### DATA EXTRACTS

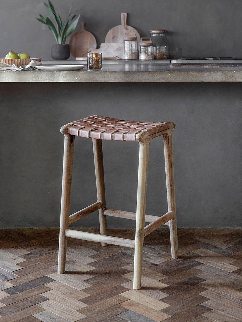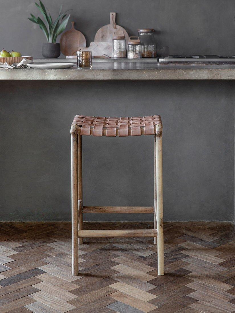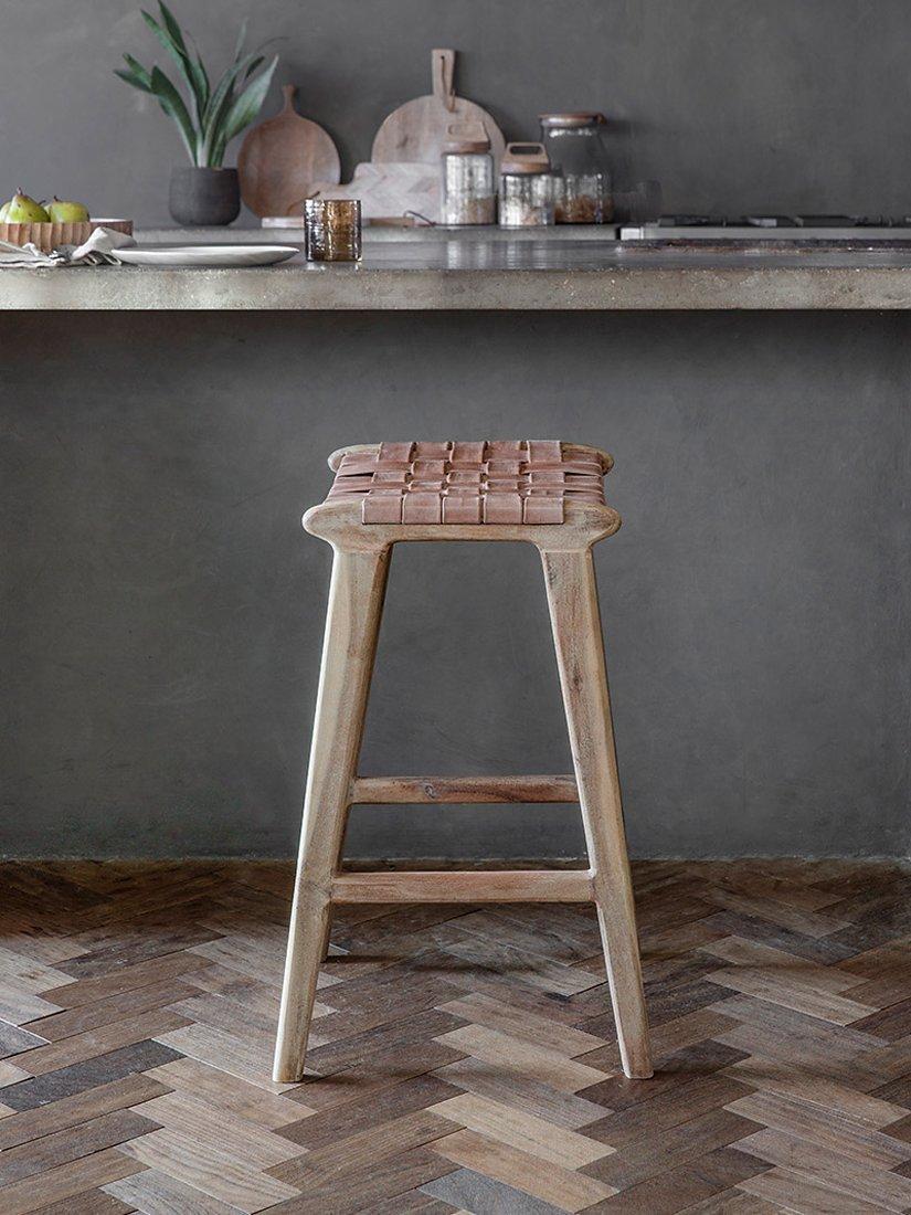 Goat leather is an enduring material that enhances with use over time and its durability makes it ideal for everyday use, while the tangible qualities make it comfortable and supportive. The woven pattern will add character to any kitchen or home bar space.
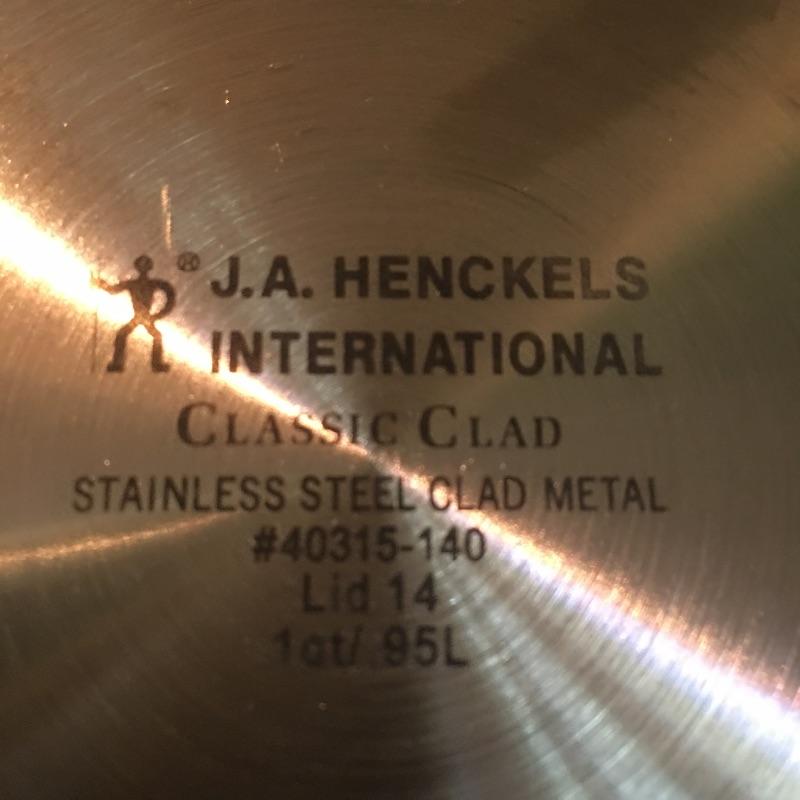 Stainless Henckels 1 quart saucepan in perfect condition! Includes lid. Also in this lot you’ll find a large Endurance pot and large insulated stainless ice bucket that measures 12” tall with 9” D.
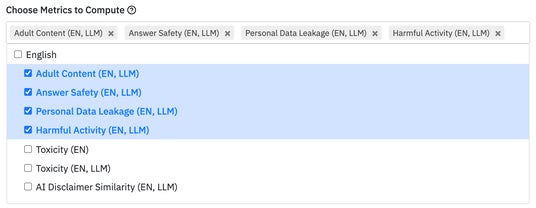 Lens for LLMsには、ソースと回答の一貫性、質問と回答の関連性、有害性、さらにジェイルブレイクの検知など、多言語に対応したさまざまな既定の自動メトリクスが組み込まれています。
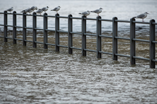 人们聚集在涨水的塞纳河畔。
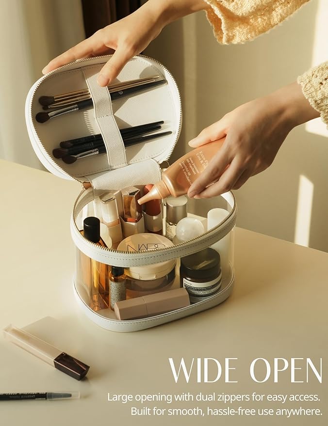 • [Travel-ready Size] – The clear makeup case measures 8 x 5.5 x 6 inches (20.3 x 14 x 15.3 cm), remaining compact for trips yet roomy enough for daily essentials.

### WORK REQUIRED
Give the entries again exactly. Pictures stay out.

### YOUR SOLUTION
 Goat leather is an enduring material that enhances with use over time and its durability makes it ideal for everyday use, while the tangible qualities make it comfortable and supportive. The woven pattern will add character to any kitchen or home bar space.
 Stainless Henckels 1 quart saucepan in perfect condition! Includes lid. Also in this lot you’ll find a large Endurance pot and large insulated stainless ice bucket that measures 12” tall with 9” D.
 Lens for LLMsには、ソースと回答の一貫性、質問と回答の関連性、有害性、さらにジェイルブレイクの検知など、多言語に対応したさまざまな既定の自動メトリクスが組み込まれています。
 人们聚集在涨水的塞纳河畔。
 • [Travel-ready Size] – The clear makeup case measures 8 x 5.5 x 6 inches (20.3 x 14 x 15.3 cm), remaining compact for trips yet roomy enough for daily essentials.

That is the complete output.